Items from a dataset
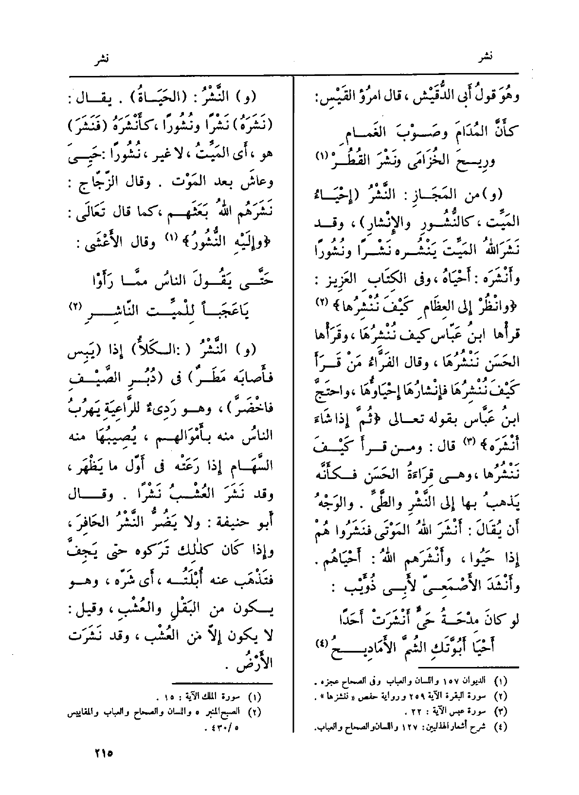من المَجاز: النَّشْرُ إحياءُ المَيِّت، كالنُّشورِ والإنشارِ، وَقد نشَرَ اللهُ المَيِّتَ ينشُره نَشْراً ونُشوراً وأَنْشَرَه: أَحياهُ، وَفِي الْكتاب الْعَزِيز: وانْظُرْ إِلَى العِظامِ كيفَ نُنْشِرُها قرأَها ابْن عبّاس كيفَ نُنْشِرُها، وقرأَها الحَسَن نَنْشُرُها، وَقَالَ الفرَّاءُ من قرأَ كَيفَ نُنْشِرُها فإنْشارُها إحياؤُها، واحتجَّ ابْن عبّاس بقوله تَعَالَى: ثُمَّ إِذا شاءَ أَنْشَرَه قَالَ ومَن قرأَ كيفَ نَنْشُرُها، وَهِي قِرَاءَة الحَسَن فكأَنَّه يذهبُ بهَا إِلَى النَّشْرِ والطَّيِّ. والوَجهُ أَن يقالَ: أَنْشَرَ الله المَوتى فنَشَروا هم إِذا حَيُوا، وأَنشرَهُمُ اللهُ: أَحياهُم. وأَنشَدَ الأَصمعيّ لأبي ذُؤَيْب:
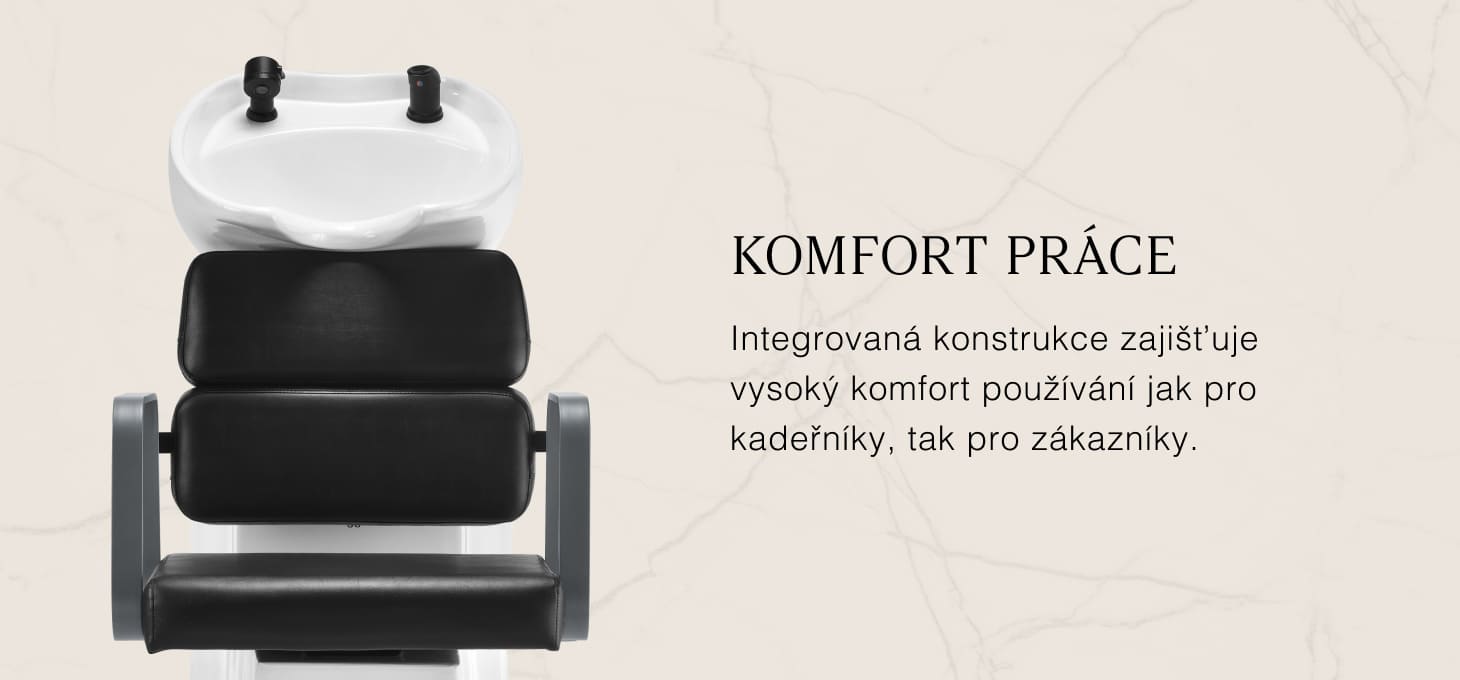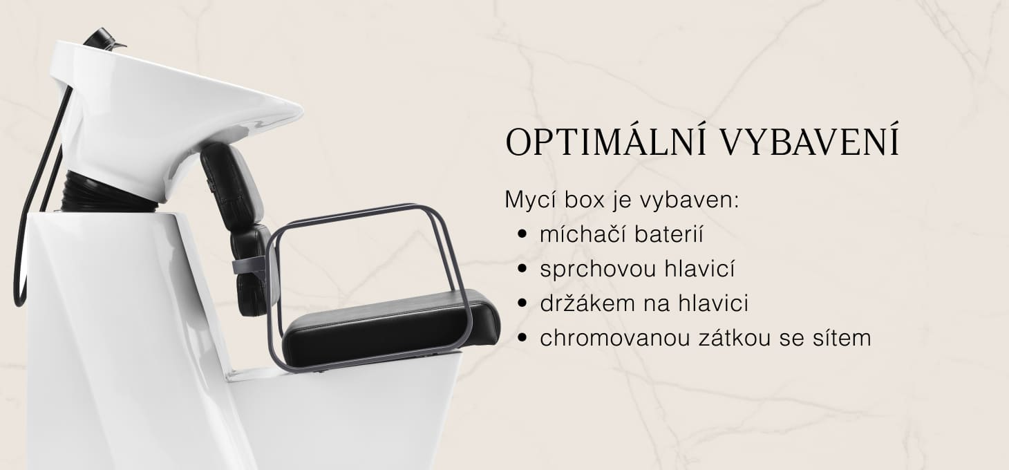 Praktická myčka vlasů je vybavena směšovací baterií, která poskytuje volný přístup k teplé a studené vodě. Díky tomu lze snadno přizpůsobit teplotu individuálním preferencím zákazníka. Vyhrazené místo pro odložení sluchátka zefektivňuje práci a chromovaná zátka se speciálním sítkem umožňuje kontrolovat průtok vody a udržovat v salonu vysoké hygienické standardy. Přípojka vody byla umístěna uvnitř základny, což umožňuje efektivní skrytí potrubí. Významnou výhodou tohoto modelu je otvor ponechaný mezi opěradlem a sedákem, který usnadňuje udržování čistoty v salonu a umožňuje snadné vymetení nečistot z každého zákoutí křesla. Myčka je profilována tak, aby zajistila pohodlí při různých ošetřeních a zaručila správnou oporu zad. Díky kombinaci funkčnosti a vybavení je práce v kadeřnickém salonu ještě pohodlnější.
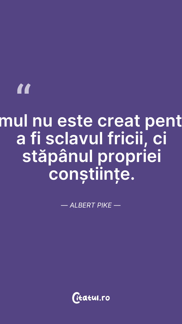 Omul nu este creat pentru a fi sclavul fricii ... Citește tot citatul >
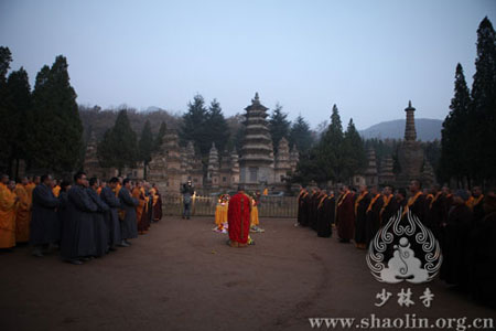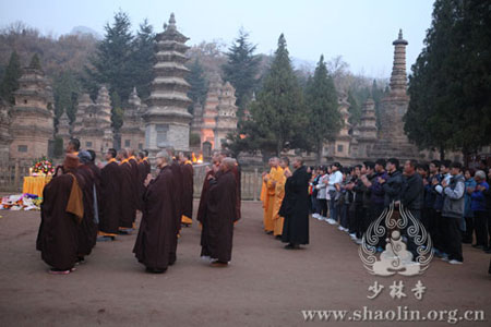 2013年11月3日(农历十月初一),为中国传统的节日“寒衣节”(又称“祭祖节”)。按照中华民族的传统和佛教仪轨,河南嵩山少林寺僧众到塔林祭奠历代祖师。参加仪式的,还有少林慈幼院的孩子及诸位善信。
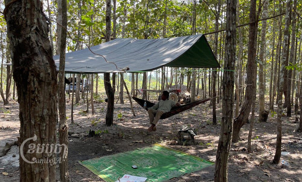 Along a red dirt road, villagers have set up a makeshift campsite with tents, hammocks, and enough food to keep them going. Among them is 31-year-old Lork Sokly, who told visiting CamboJA reporters that while the group had managed to get rid of a bulldozer in the area, soldiers were still sneaking in to cut down trees.

WORK ORDER – The data is to be restated word for word, with any pictures set aside.

RESPONSE FOR THIS EXERCISE –
من المَجاز: النَّشْرُ إحياءُ المَيِّت، كالنُّشورِ والإنشارِ، وَقد نشَرَ اللهُ المَيِّتَ ينشُره نَشْراً ونُشوراً وأَنْشَرَه: أَحياهُ، وَفِي الْكتاب الْعَزِيز: وانْظُرْ إِلَى العِظامِ كيفَ نُنْشِرُها قرأَها ابْن عبّاس كيفَ نُنْشِرُها، وقرأَها الحَسَن نَنْشُرُها، وَقَالَ الفرَّاءُ من قرأَ كَيفَ نُنْشِرُها فإنْشارُها إحياؤُها، واحتجَّ ابْن عبّاس بقوله تَعَالَى: ثُمَّ إِذا شاءَ أَنْشَرَه قَالَ ومَن قرأَ كيفَ نَنْشُرُها، وَهِي قِرَاءَة الحَسَن فكأَنَّه يذهبُ بهَا إِلَى النَّشْرِ والطَّيِّ. والوَجهُ أَن يقالَ: أَنْشَرَ الله المَوتى فنَشَروا هم إِذا حَيُوا، وأَنشرَهُمُ اللهُ: أَحياهُم. وأَنشَدَ الأَصمعيّ لأبي ذُؤَيْب:
 Praktická myčka vlasů je vybavena směšovací baterií, která poskytuje volný přístup k teplé a studené vodě. Díky tomu lze snadno přizpůsobit teplotu individuálním preferencím zákazníka. Vyhrazené místo pro odložení sluchátka zefektivňuje práci a chromovaná zátka se speciálním sítkem umožňuje kontrolovat průtok vody a udržovat v salonu vysoké hygienické standardy. Přípojka vody byla umístěna uvnitř základny, což umožňuje efektivní skrytí potrubí. Významnou výhodou tohoto modelu je otvor ponechaný mezi opěradlem a sedákem, který usnadňuje udržování čistoty v salonu a umožňuje snadné vymetení nečistot z každého zákoutí křesla. Myčka je profilována tak, aby zajistila pohodlí při různých ošetřeních a zaručila správnou oporu zad. Díky kombinaci funkčnosti a vybavení je práce v kadeřnickém salonu ještě pohodlnější.
 Omul nu este creat pentru a fi sclavul fricii ... Citește tot citatul >
 2013年11月3日(农历十月初一),为中国传统的节日“寒衣节”(又称“祭祖节”)。按照中华民族的传统和佛教仪轨,河南嵩山少林寺僧众到塔林祭奠历代祖师。参加仪式的,还有少林慈幼院的孩子及诸位善信。
 Along a red dirt road, villagers have set up a makeshift campsite with tents, hammocks, and enough food to keep them going. Among them is 31-year-old Lork Sokly, who told visiting CamboJA reporters that while the group had managed to get rid of a bulldozer in the area, soldiers were still sneaking in to cut down trees.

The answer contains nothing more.